Tuesday, May 11, 2010

Abbreviated emotions



Abbreviated emotions


Me: “Good morning. Hope you are fine. Have a great day. Take care. Be happy :-)”

‘Friend’: “Gm ttyl tc”

Amongst the many mixed outcomes of Facebook and SMSes, is that of abbreviated emotions, abbreviated thoughts and thus abbreviated relationships. If the good morning message quoted at the beginning wasn’t hurtful enough, every day one can see hundreds of such lame and lazy conversations all over the Internet and in SMSes (Thankfully, this disease has not contaminated verbal conversations as of yet). 

If ‘wassup’ (Also the name of a daily programme on a highly commercialized, capitalist and popular Youth channel) meaning ‘What’s up’, ‘gotcha’ – ‘Got you’, ‘wanna’ – ‘Want to’ were the first symptoms of this deadly illness, then symptoms like ‘brb’ - ‘Be right back’, ‘ttyl’ - ‘Talk to you later’ and a recently discovered ‘bmj’ - ‘Bhaad me jaa’ have signaled the spread of this epidemic. Even an emotion as pure and scarce as happiness is abbreviated as ‘lol’ – ‘Laugh out loud’ (Sometimes misinterpreted as ‘lots of love’. Thankfully love is not one of this disease’s victims so far), ‘ROFL’ means ‘rolling on floor laughing’, ‘LMAO’ means ‘laughing my ass off’ and ‘LMFAO’ (an aberration of an aberration) meaning ‘laughing my fucking ass off’. And then, the good old ‘tc’ (Take care) is always omnipresent.

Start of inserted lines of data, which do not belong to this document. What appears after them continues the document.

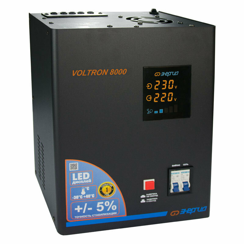 Стабилизатор Энергия Voltron 8000 по точности: 105-265В по защите: 95-280В Е0101-0159 .
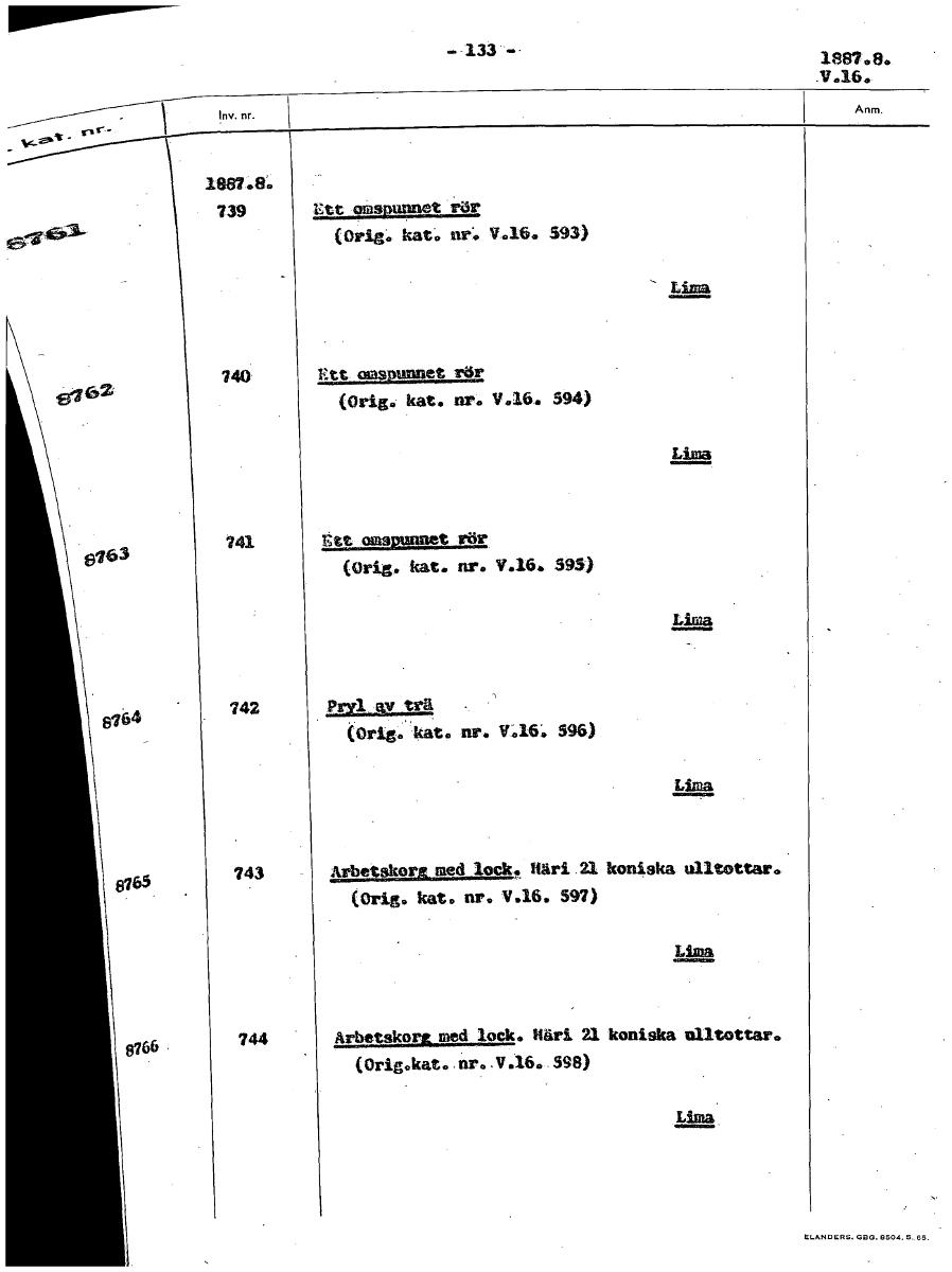 • -..133 - 1887.8. 11.16. 1887.8. 739 Ett omspunnet rör (Orig. kat. nr. V.16. 593) Lima 740 Ett omspunnet rör (Orig. kat. nr. V.16. 594) L 741 at omspunnet rör (Orig. kat. nr. V.16. 595) 742 12,21-Mtä (... Visa hela
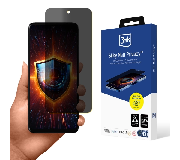 <h2>3mk Silky Matt Privacy™ - Zachowaj informacje tylko dla siebie</h2><p>Ekran widoczny tylko dla użytkownika – funkcja prywatyzacji aktywna już przy 30oFunkcjonalne, matowe wykończenie - redukcja odblasków i brak odcisków palcówWysoka ochrona przed zarysowaniem – wzmocnienie wyświetlacza nawet do 250%Prosta i bezpieczna aplikacja na mokro – montaż przy użyciu specjalistycznego żelu</p><h3>Prywatyzująca folia ochronna – matowa i przejrzysta</h3><p>Używasz telefonu w miejscach publicznych i chcesz chronić poufne treści? Wybierz matową, prywatyzującą folię 3mk Silky Matt Privacy™, która zabezpiecza ekran smartfona. Dzięki niej możesz bez stresu korzystać z telefonu w komunikacji, biurze, restauracji czy parku. Efekt prywatyzacji (rozmycie i przyciemnienie) działa już od kąta 30°, więc tylko Ty widzisz obraz wyraźnie. Co ważne, 3mk Silky Matt Privacy™ nie powoduje efektu żaluzji, typowego dla wielu standardowych filtrów.</p><h3>Czytelny obraz w słońcu i ekran bez śladów palców</h3><p>Chcesz wygodnie korzystać ze smartfona w słońcu, bez męczenia wzroku i szukania cienia? 3mk Silky Matt Privacy™ dzięki matowemu wykończeniu skutecznie redukuje odbicia, zapewniając klarowny obraz nawet w mocnym nasłonecznieniu. To przekłada się na większy komfort i mniejsze zmęczenie oczu. Matowa powierzchnia jest łatwa w czyszczeniu i ogranicza powstawanie odcisków palców. Jedwabista struktura sprawia, że każdy dotyk jest przyjemny.</p><h3>Filtr prywatyzujący, który wzmacnia wyświetlacz</h3><p>3mk Silky Matt Privacy™ nie każe Ci wybierać między skuteczną ochroną prywatności a bezpieczeństwem zaawansowanego smartfona. Zapewnia podwójną ochronę. Zabezpiecza wyświetlane na ekranie treści przed wścibskimi spojrzeniami osób trzecich oraz wzmacnia odporność wyświetlacza na uszkodzenia nawet o 250%. Dzięki temu telefon może Ci doskonale służyć i świetnie wyglądać przez dłuższy czas.</p><h2>Łatwy montaż na mokro i doskonały efekt wizualny</h2><p>Obawiasz się, że montaż folii ochronnej jest trudny? 3mk Silky Matt Privacy™ szybko zmieni Twoje zdanie. Dzięki montażowi na mokro i specjalnemu, bezpiecznemu żelowi samodzielnie i bez stresu założysz folię, która idealnie przylega do ekranu i krawędzi — bez wprawy. System 3mk Protection sprawia, że instalacja jest szybka i bezproblemowa. Uwaga: montaż filtrów prywatyzujących, w tym 3mk Silky Matt Privacy™, może wpływać na działanie wbudowanych w ekran czytników linii papilarnych.</p>

Words that convey one’s feeling for the other at different times of the day like ‘Good Morning’ and ‘Good Night’ haven’t been spared either with days starting with ‘gm’ and ending with ‘gn sd’ (Sweet dreams). Also note the lowercase form of all these abbreviations. Why should we even press an extra button to give a word or letter the uppercase respect it deserves? “Doli me bithake, sitaaron se sajake, zamaane se churake, le jaunga, saawariya” par ungli hilake full-forms kyu likhunga. Quite apart from murdering and insulting a beautiful language, emotions and relationships are brutally and inhumanly abused and demeaned every single moment.

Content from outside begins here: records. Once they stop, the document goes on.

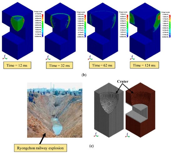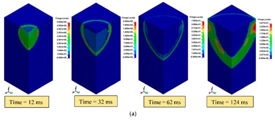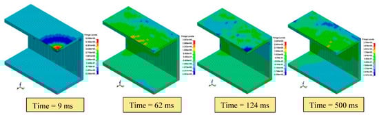 The values of peak pressure into the soil were almost identical and its contours determined at different interval times of 12, 32, 62, and 124 ms before and after inserting the tunnel structure. The chosen time intervals corresponded to the values of peak incident pressure into the soil at depths of 4, 6, 8, and 10 m, respectively. The pressure response at a depth of 4 m was started at 7 ms and its maximum value was 3.98 MPa, which was recorded after 12 ms. Obviously, the main difference between the two cases is the affected region in the soil. The existence of the tunnel structure in the soil prevents the blast-induced waves from migrating to a deeper soil layer by reflecting the incident pressure. In addition, the results of pressure contours revealed that the explosion waves were travelled into the sandy soil in a hemispherical shape before and after inserting the tunnel structure, as shown in Figure 8. Its area was considerably increased with the wave propagation and results in a crater, which obviously matches the remarked phenomenon during the blast of the Ryongchon railway station in North Korea [].
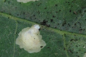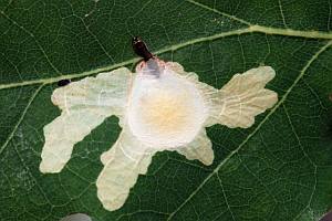 1-2: Blattoberseite mit Exuvie und Blattunterseite, Deutschland, Rheinland-Pfalz, Ober-Olmer Wald bei Mainz, Eiche an einem Wegsaum auf einer Waldlichtung, 17. Oktober 2005 (Freilandfotos: Jürgen Rodeland), conf. Rudolf BrynerForum
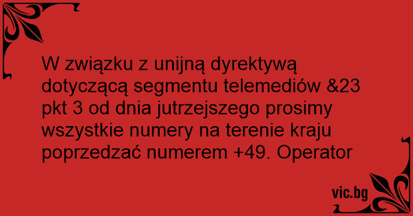 W związku z unijną dyrektywą dotyczącą segmentu telemediów &23 pkt 3 od dnia jutrzejszego prosimy wszystkie numery na terenie kraju poprzedzać numerem +49. Operator
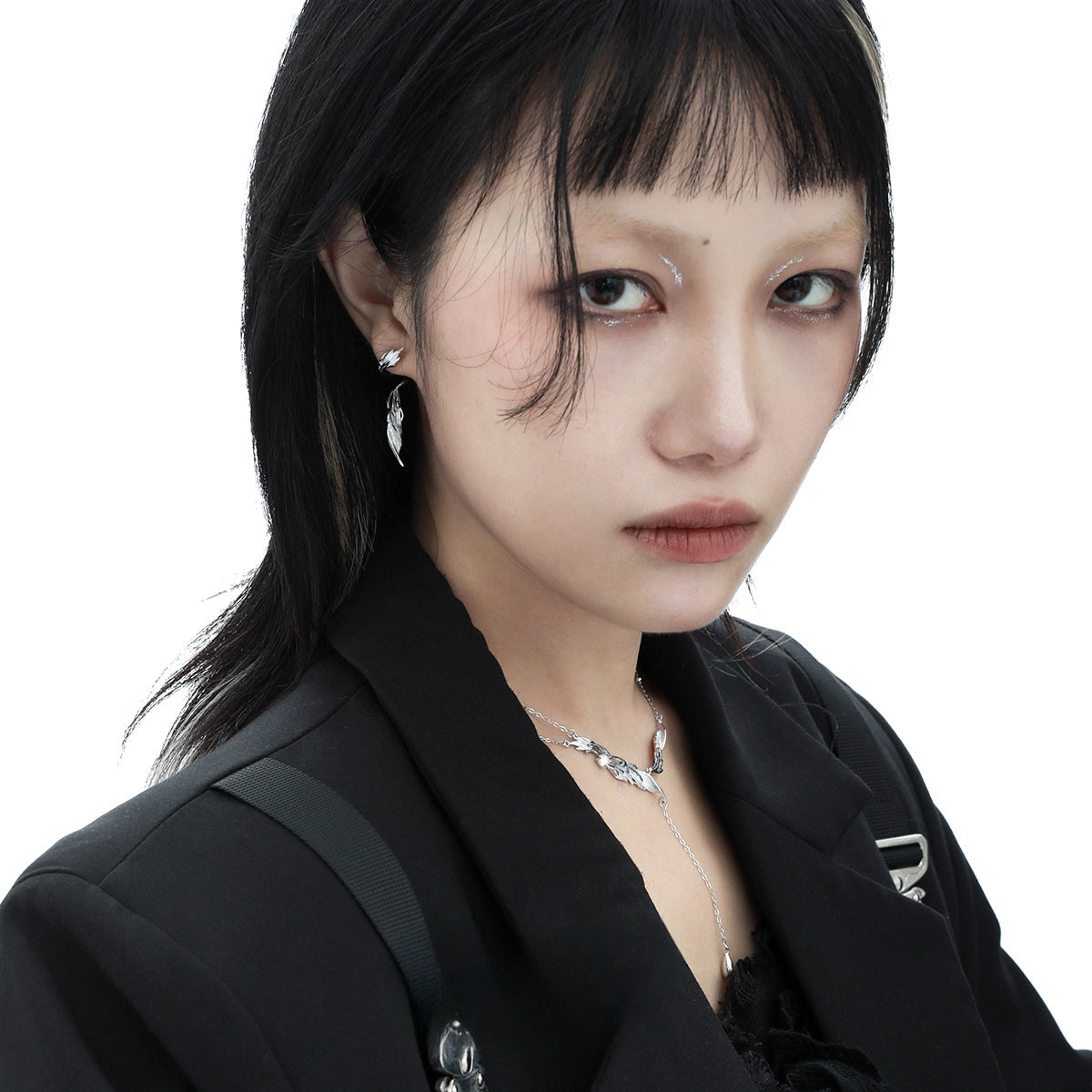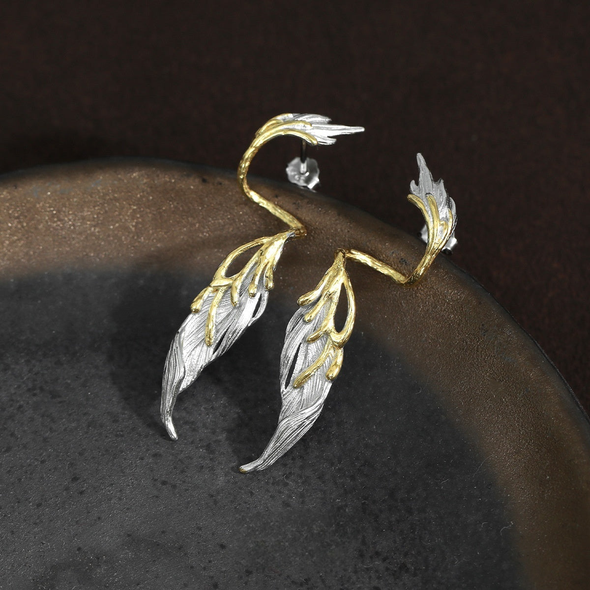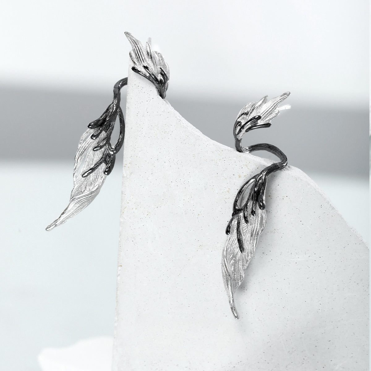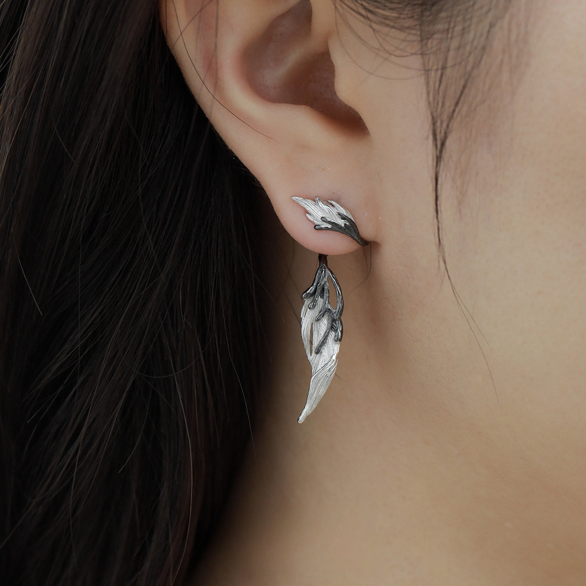 S925 Silber Schwarz Engel Flügel Feder Designer Ohrstecker

It is no veiled truth that this disease has contaminated almost all youngsters (who can afford the luxuries of high-tech communication) but thankfully very few grown-ups have been diagnosed with this highly fatal condition.

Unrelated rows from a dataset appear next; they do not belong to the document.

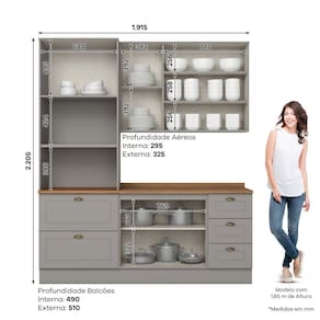 Medida de cada item (A x L x P): 1 Aéreo 3 portas 83x120x32,5 cm, 1 Balcão Pia 03 Gav e 02 Ptas 82x120x53,5 cm C/ tampo, 1 Torre Quente 220,5x71,5x53,5 cm.
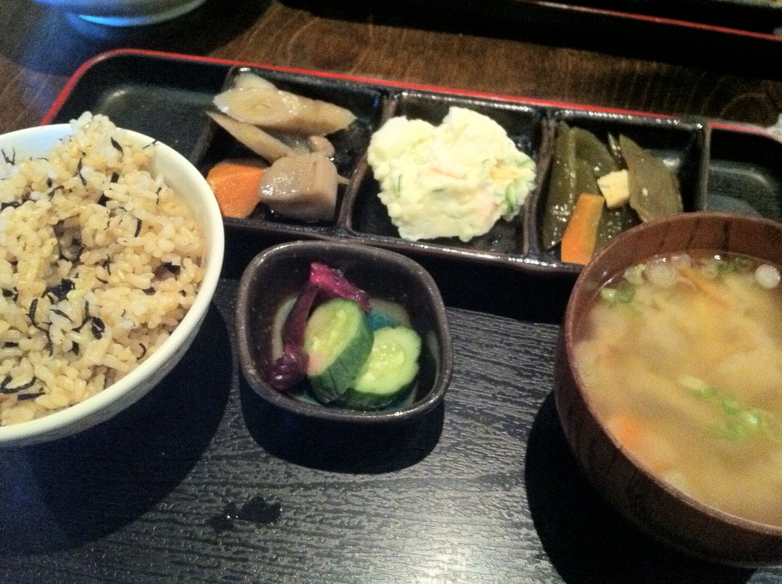 The lunch menu consists of ordering a "set" ($6.50). This is what our recent one looked like-(from 5:00, going clockwise) a vegetable filled miso soup, pickled cucumber and radish, rice with seaweed and a tray of small 'tapas'-nishime, a potato salad and chilled stewed vegetable.
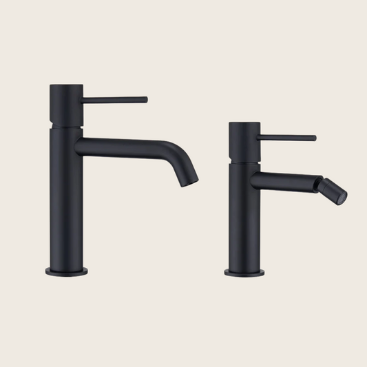 Coppia rubinetti lavabo e bidet senza scarico in ottone nero opaco Melin
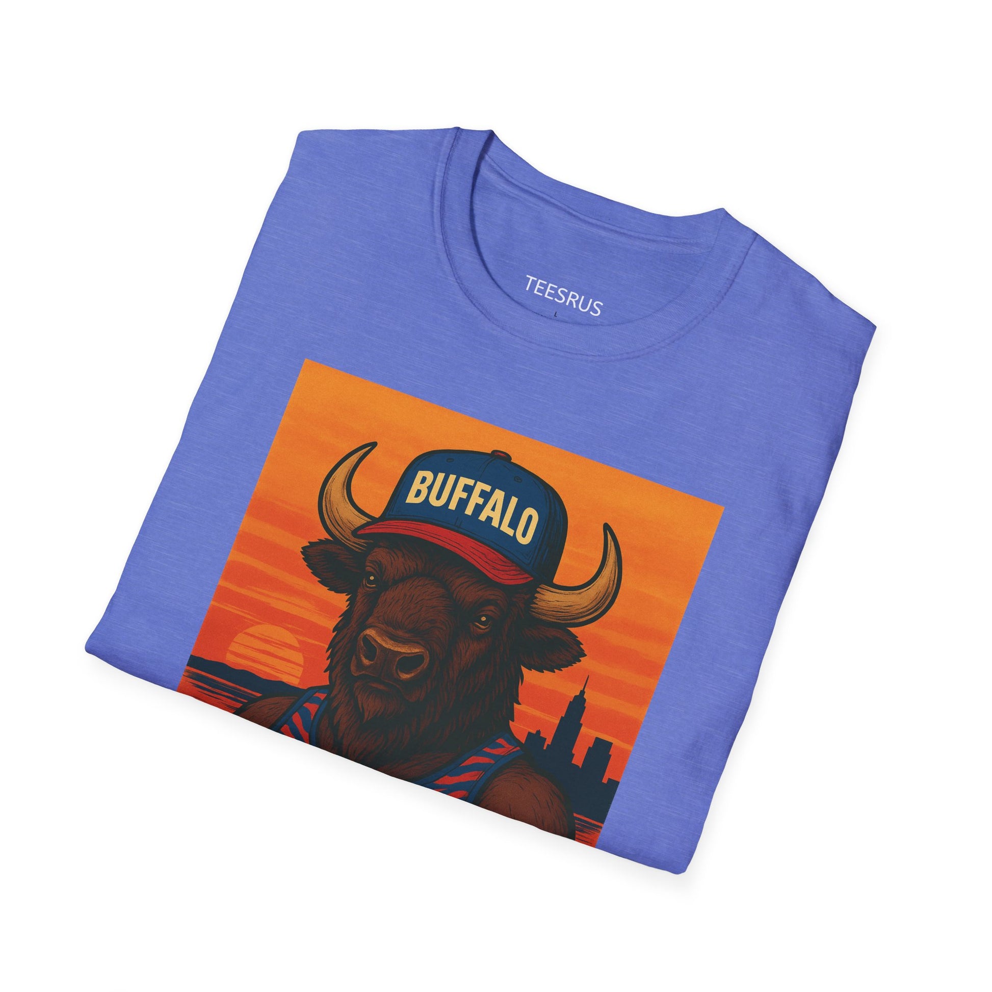 A trendy and fun buffalo summer tee that will add a playful touch to your wardrobe. Perfect for those who love unique and quirky designs. Ideal for casual outings, summer picnics, and outdoor activities. Relevant to those celebrating summer, wildlife enthusiasts, and anyone looking to make a statement with their clothing.
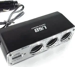Hot 3 Way Multi Socket Car Cigarette Lighter Splitter USB Plug Charger DC 12V/24V Triple Adapter with USB Port BX

What is it that drives us youngsters to such painfully peculiar extremes? Is it our love of short-cuts or our ever-decreasing love of relationships or does this signal the end of respect for love itself? Or is it our immaturity? I think it is a combination of all of these being topped off by the same old reason – not really caring much, not thinking about what one does, simple ignorance or disinterest even in ourselves and our own deeds.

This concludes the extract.